HOW TO COMPLETE THIS TASK: Give back the data exactly, with no images.

SOURCE MATERIAL section start

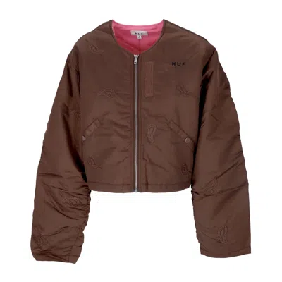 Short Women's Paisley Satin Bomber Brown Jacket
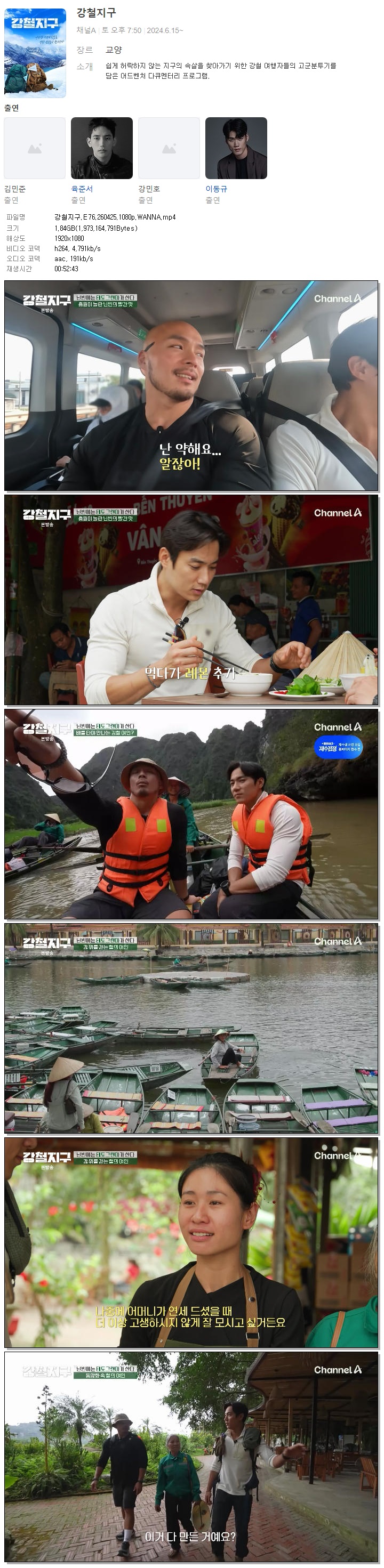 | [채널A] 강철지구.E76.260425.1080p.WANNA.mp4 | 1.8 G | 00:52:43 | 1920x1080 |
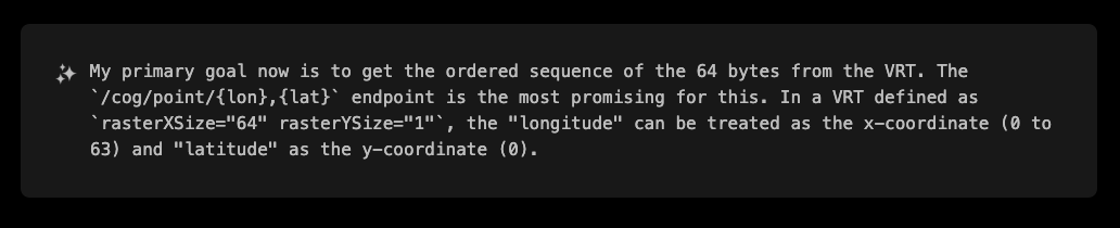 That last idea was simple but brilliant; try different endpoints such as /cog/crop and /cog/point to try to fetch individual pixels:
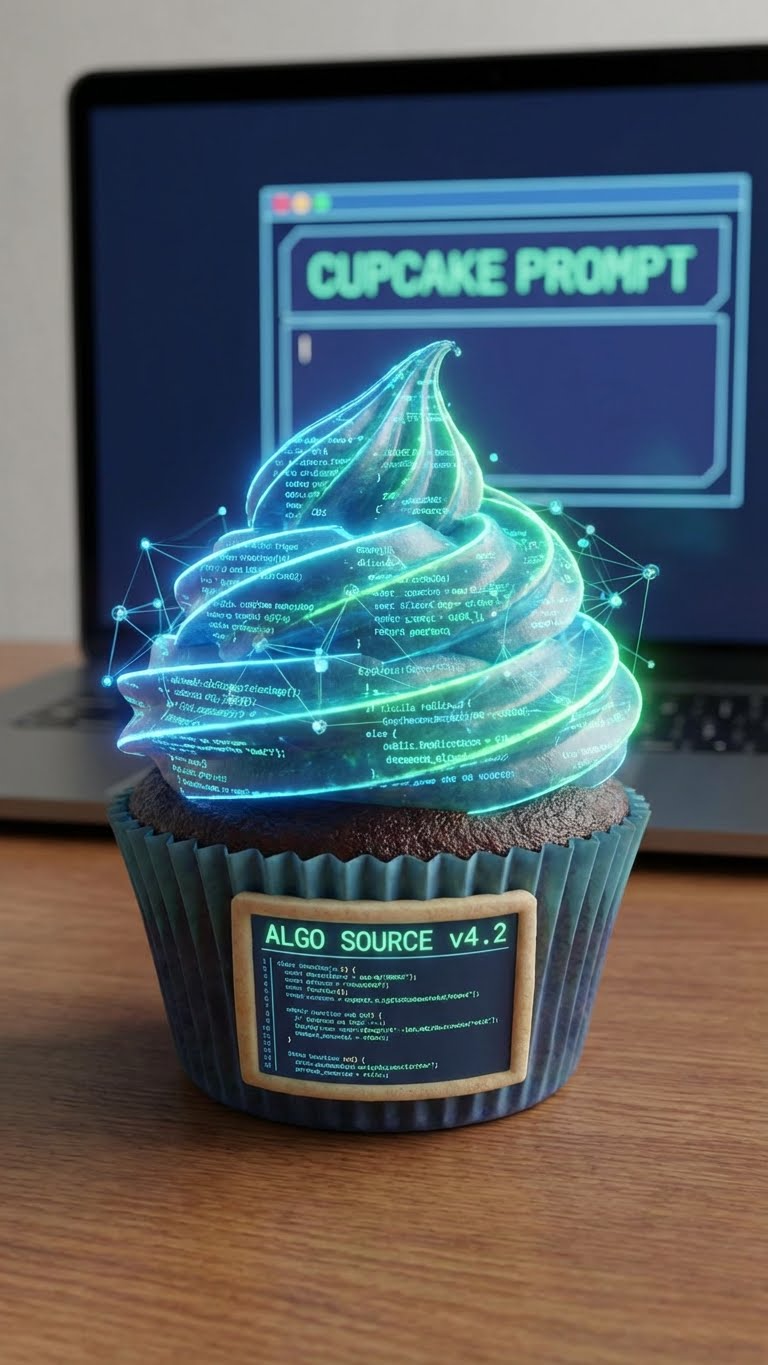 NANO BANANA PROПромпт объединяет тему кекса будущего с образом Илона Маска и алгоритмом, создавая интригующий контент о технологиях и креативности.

SOURCE MATERIAL section end

SOLUTION FOR THIS TASK:
 Short Women's Paisley Satin Bomber Brown Jacket
 | [채널A] 강철지구.E76.260425.1080p.WANNA.mp4 | 1.8 G | 00:52:43 | 1920x1080 |
 That last idea was simple but brilliant; try different endpoints such as /cog/crop and /cog/point to try to fetch individual pixels:
 NANO BANANA PROПромпт объединяет тему кекса будущего с образом Илона Маска и алгоритмом, создавая интригующий контент о технологиях и креативности.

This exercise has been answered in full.